The Times published two short letters with fair promptness. The Literary World gave space to two others, replying to articles appearing in its own columns; and the Daily News, of April 30, contained a part of my answer to Sir Henry Irving. An article in reply to some of the critics, prepared for the Pall Mall Magazine, could not, from prearrangement of space, appear until May—a rather late date. The delay was the more regretted because the article on the general subject, published in the March number of the same magazine, was prepared and sent forward before the criticisms of the latter part of December and January had reached me, and, though following shortly after, was in no way a reply.

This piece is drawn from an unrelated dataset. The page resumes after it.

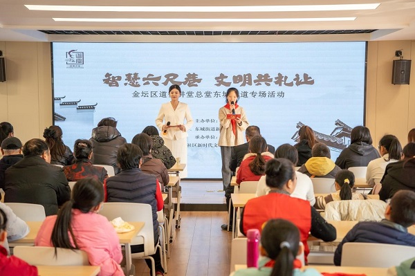 礼让传千古,睦邻暖万家。在常州金坛东城街道新时代文明实践所内,“智慧六尺巷・文明共礼让”道德讲堂活动温情开讲。活动在经典的《公民道德歌》中拉开序幕,现场,有志愿者娓娓讲述“商居一家亲”的共建故事,有情景剧生动演绎“退让智慧”化解社区纠纷,还有孩子们朗诵诗歌致敬退休党员。“多一分理解,少一分计较,有事好好谈。”应邀参加活动的冯阿姨还坦诚地和大家分享待人之道。

In the January number of the Nineteenth Century and After, there appeared two articles of attack upon the Cypher, one by Mr. Candler, and one by Mr. R. B. Marston. Mr. Marston, I understand, is a member of the firm publishing the magazine. His article was a continuation of the unfounded and libelous charges appearing in the Publishers’ Circular and in the Times concerning myself and my work. I replied at length and forwarded the articles to Messrs. Gay & Bird, under date of February 5th, desiring that the denial of these charges should be given equal prominence. Electrotype plates were forwarded for illustration of the technical portions. Plates for fac-simile pages from the two editions of De Augmentis, affording most interesting illustration of the method of the cipher and of the differences between the editions of 1623 and 1624, were also furnished. I am now advised by Messrs. Gay & Bird that the Nineteenth Century, the Contemporary Review, and the Times, have declined to publish any part of these articles.
This must be my apology for now issuing in pamphlet form what was prepared for the public periodicals and should have appeared months ago as part of the discussion of the subject that is of interest to a large number of readers. The reluctance of the press in general, to print anything Baconian is well illustrated in this refusal of my critics to give place to my replies. I do not think it should be considered a waste of space to discuss discoveries that correct history in important particulars. The cipher is a fact, and cannot be ignored. It is neither imagination nor creation of mine. It is a part of the history of England, and effort should be directed to further investigations along the lines it indicates—to search among old MSS., in the museums and libraries and in the archives of the government, for other facts which in the light of the cipher revelations will be better understood than they have been in the past.